In Roe v. Wade, the court upheld abortion rights based on a "right to privacy" but limited those rights by "state interests." Of laws that forbid abortion except to save the life of the woman, the court held:
[Such laws] violate the Due Process Clause of the Fourteenth Amendment, which protects against state action the right to privacy, including a woman's qualified right to terminate her pregnancy. Though the State cannot override that right, it has legitimate interests in protecting both the pregnant woman's health and the potentiality of human life, each of which interests grows and reaches a "compelling" point at various stages of the woman's approach to term.[117]
In practice, the court ruled that states must leave abortion to "the medical judgment of the pregnant woman's attending physician" during the first trimester. Thereafter, state interests in the health of the mother and the fetus could override privacy rights. So in the second and third trimesters, states could "regulate the abortion procedure in ways that are reasonably related to maternal health." Also, when the fetus becomes viable outside the womb, states could "regulate, and even proscribe, abortion except where necessary, in appropriate medical judgment, for the preservation of the life or health of the mother"--due to their "interest in the potentiality of human life."

The court's decision was a compromise between "pro-choice" and "pro-life" positions. It permitted abortion, but only under certain conditions and subject to much state regulation. The decision denied the claim that "the fetus is a 'person' within the language and meaning of the Fourteenth Amendment." Yet at the same time, it rejected the principle that "the woman's right is absolute" such that "she is entitled to terminate her pregnancy at whatever time, in whatever way, and for whatever reason she alone chooses." It focused on the well-being of the mother, yet sought to protect the viable fetus too. And while the court refused to say that "a new human life is present from the moment of conception," that was only because it declined to "resolve the difficult question of when life begins."

The court's rationale for these compromises was murky, to say the least. The majority opinion asserted an undefined "right to privacy" based on "the Fourteenth Amendment's concept of personal liberty and restrictions upon state action." The opinion declared that right "broad enough to encompass a woman's decision whether or not to terminate her pregnancy," yet did not explain why or how. Moreover, the strength of that right was held to depend on the stage of the pregnancy, for as the fetus develops, "the woman's privacy is no longer sole," such that "any right of privacy she possesses must be measured accordingly." So as the woman's privacy rights diminish, the state could intervene to promote its significant interests, such as "that of health of the mother or that of potential human life."

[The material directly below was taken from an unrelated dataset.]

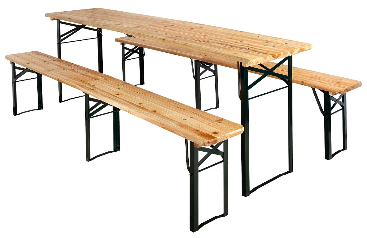 L'ensemble de jardin Lager, comprenant une table et deux bancs renforcés, fabriqué en bois de sapin durable et monté sur un cadre en acier avec revêtement en poudre, est un excellent choix pour les terrasses, les jardins à bière, les jardins privés, les événements extérieurs et les zones de barbecue. Ses bancs sont équipés de trois pieds, garantissant une stabilité et une résistance exceptionnelles, permettant une charge de chaque banc jusqu'à 300 kg, assurant confort et sécurité d'utilisation. La table a une capacité de charge maximale de 100 kg. L'ensemble complet allie robustesse et praticité, devenant une solution idéale pour ceux qui apprécient à la fois la durabilité et le design élégant dans leur mobilier de jardin.

Compared to its appeal to the "penumbras" of the Bill of Rights for a right to privacy, the court was far more clear in its concern for the damage inflicted on women and families by abortion bans:
The detriment that the State would impose upon the pregnant woman by denying this choice altogether is apparent. Specific and direct harm medically diagnosable even in early pregnancy may be involved. Maternity, or additional offspring, may force upon the woman a distressful life and future. Psychological harm may be imminent. Mental and physical health may be taxed by child care. There is also the distress, for all concerned, associated with the unwanted child, and there is the problem of bringing a child into a family already unable, psychologically and otherwise, to care for it. In other cases, as in this one, the additional difficulties and continuing stigma of unwed motherhood may be involved. All these are factors the woman and her responsible physician necessarily will consider in consultation.
Given the weak ideological defense of abortion rights offered by the court, these policy concerns were likely of paramount concern in the decision. Yet as we shall see, such pragmatic objections to abortion bans cannot justify abortion rights, particularly not in the face of the claim that the embryo or fetus is a person with the same right to life as a born infant.